= June Sauer =

Canadian fashion photographer

June Sauer (born 1924 or 1927) is a Canadian fashion photographer who specialized in photographing fur.

She was born in Thunder Bay (Port Arthur or Fort William at the time) and moved to Montreal in the late 1940s. There she married photographer Max Sauer. She learned photography from him and took over his studio after his death in 1954. Her clients included the Ogilvy department store, Holt Renfrew, the Fur Traders Association, Valentino and Chanel. She also photographed the cast of the satirical play My Fur Lady for McGill University. A book called From the beaver to Brigitte Bardot, by author Mrs. Nadeau acclaimed her attributes with a chapter entitled Through the Eyes of June Sauer

Her photographs capture the interaction and the contrast in textures between the white female model's skin and the fur garment. Sauer worked closely with her models and, as a woman, she felt that the models interacted with her differently than they would have with a male photographer.
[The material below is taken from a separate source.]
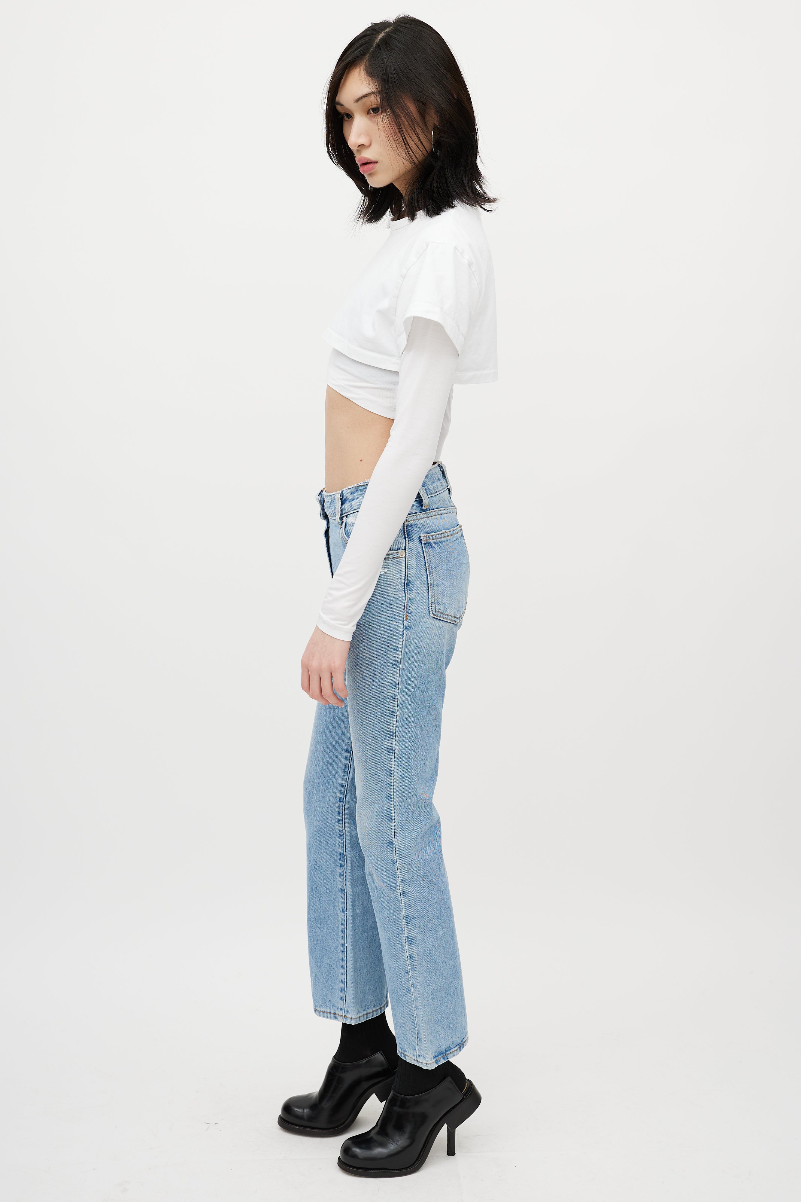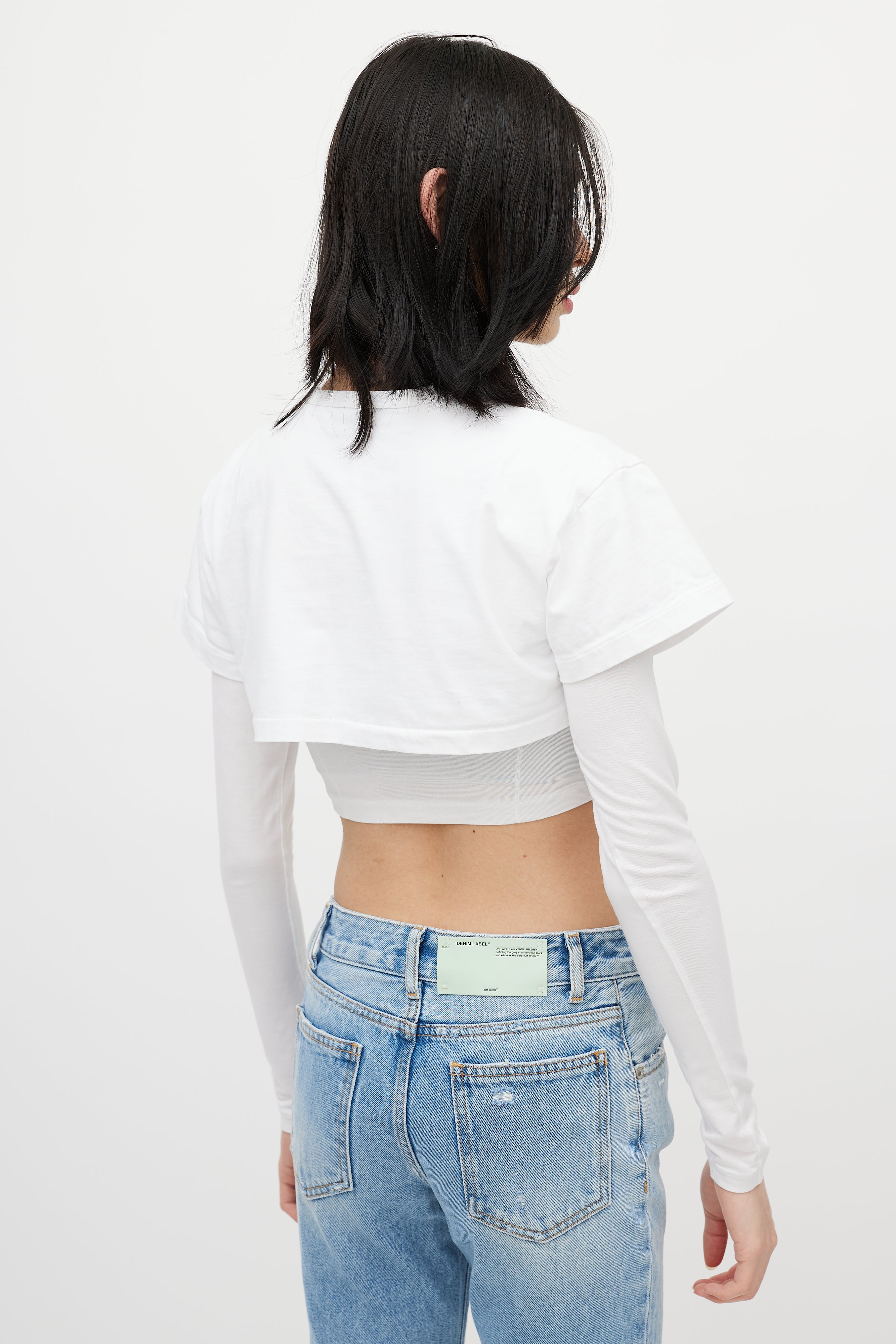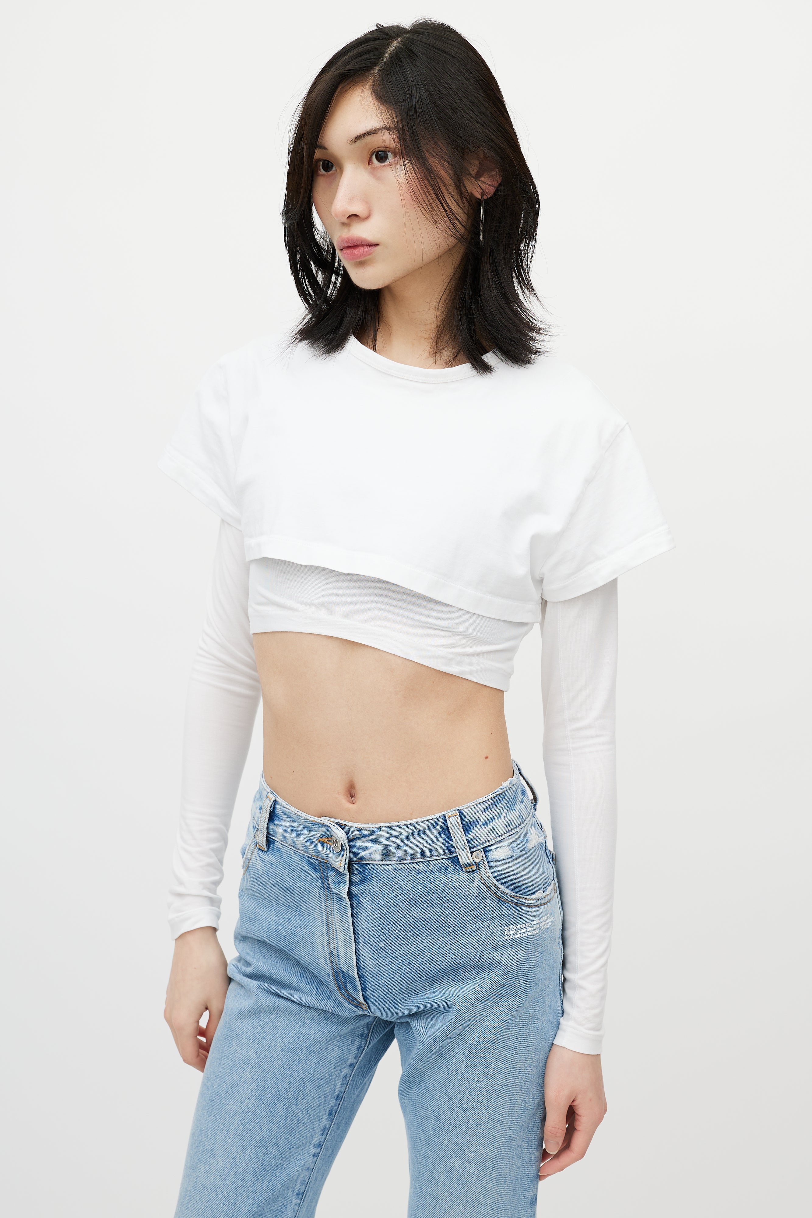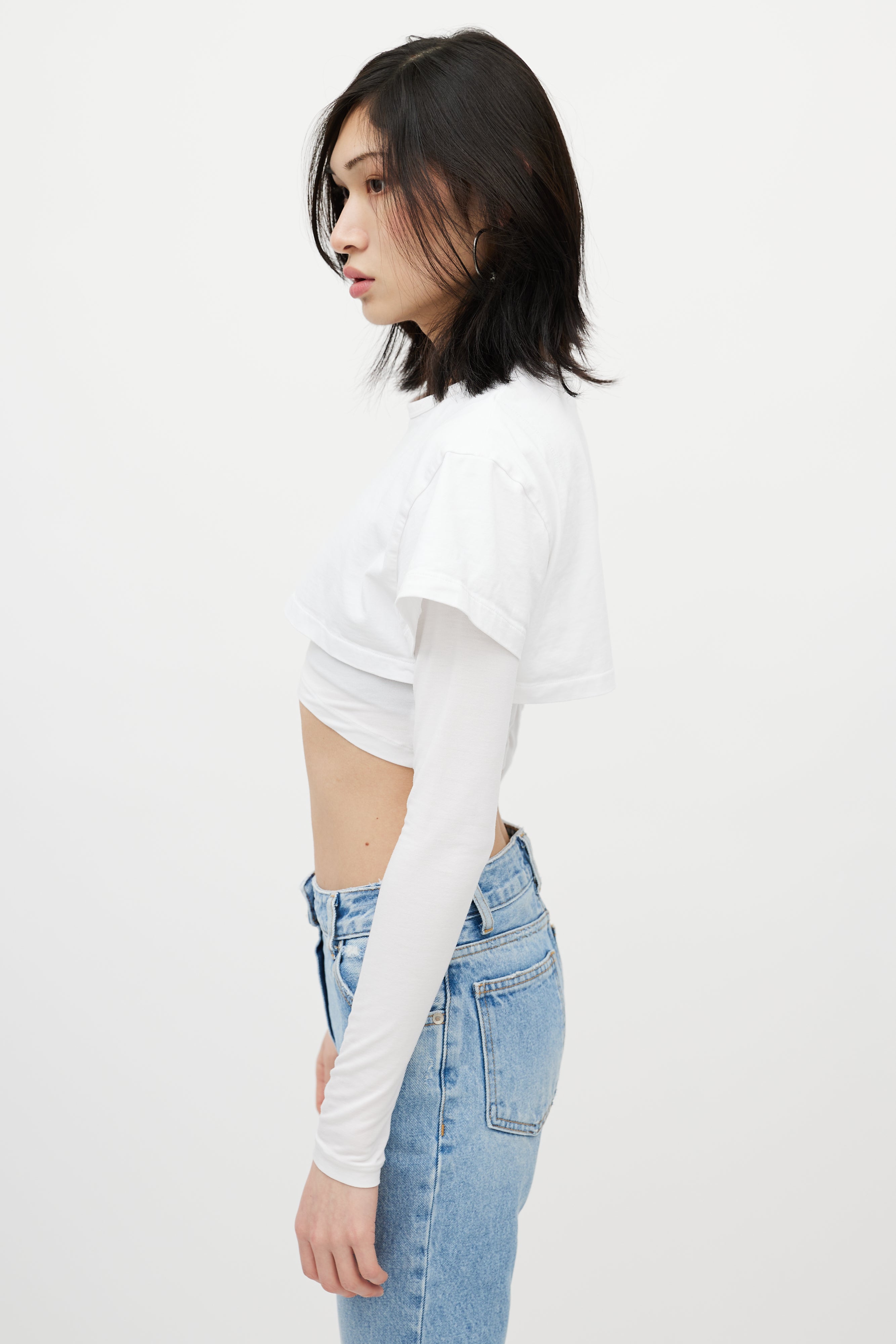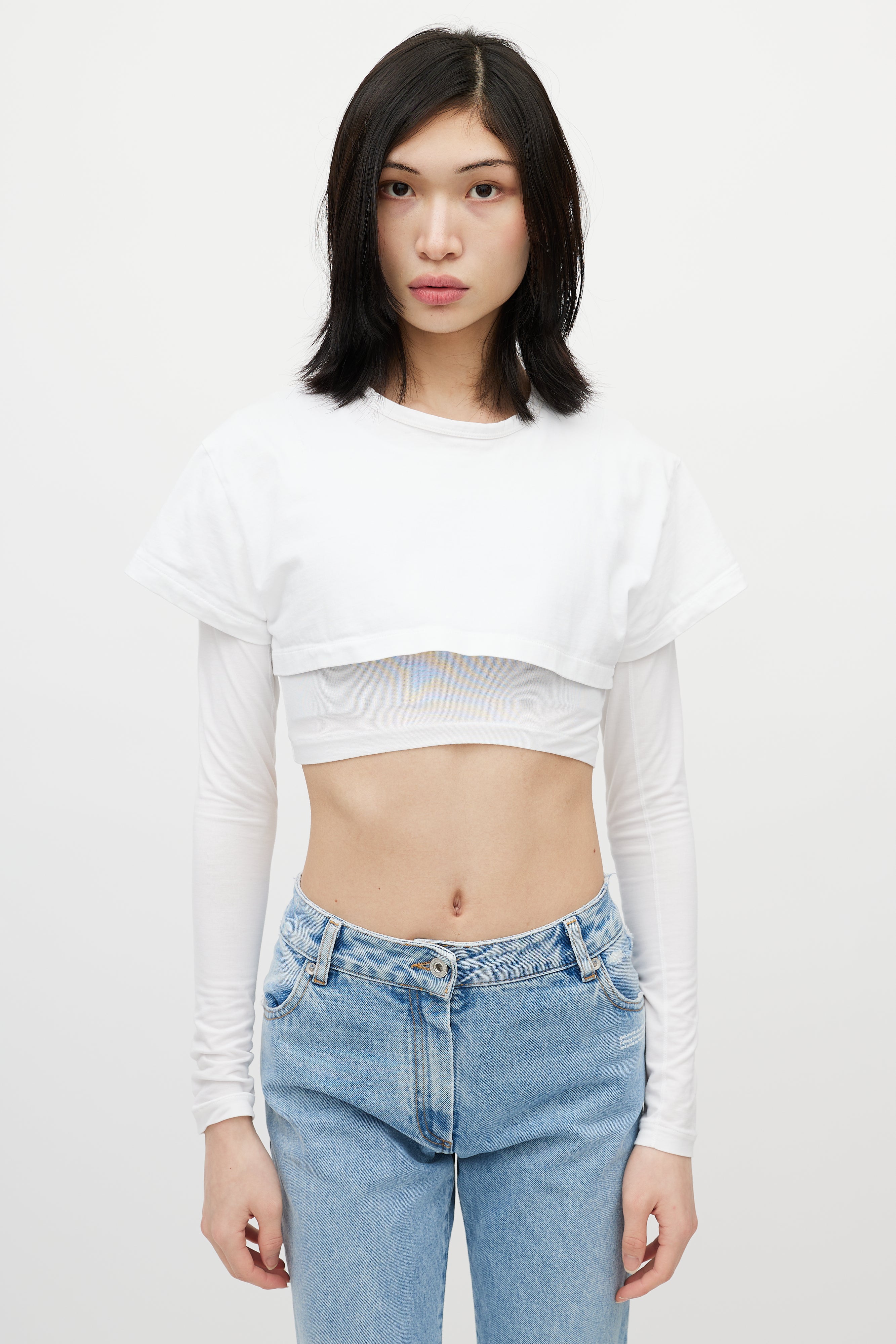 Pre-owned Jacquemus white layered T-shirt featuring a round neckline, long sleeves, and cropped fit.

In 1965, with Florence King Blackwell, she produced a fur fashion and tourist report for Montreal magazine called The Beauties of Montreal.

In 1966, Ogilvy presented a retrospective of her work.

In 1969, Sauer received the Craftsman of Photographic Arts award from the Professional Photographers of Canada. She also received a Merit Award from the Professional Photographers of America.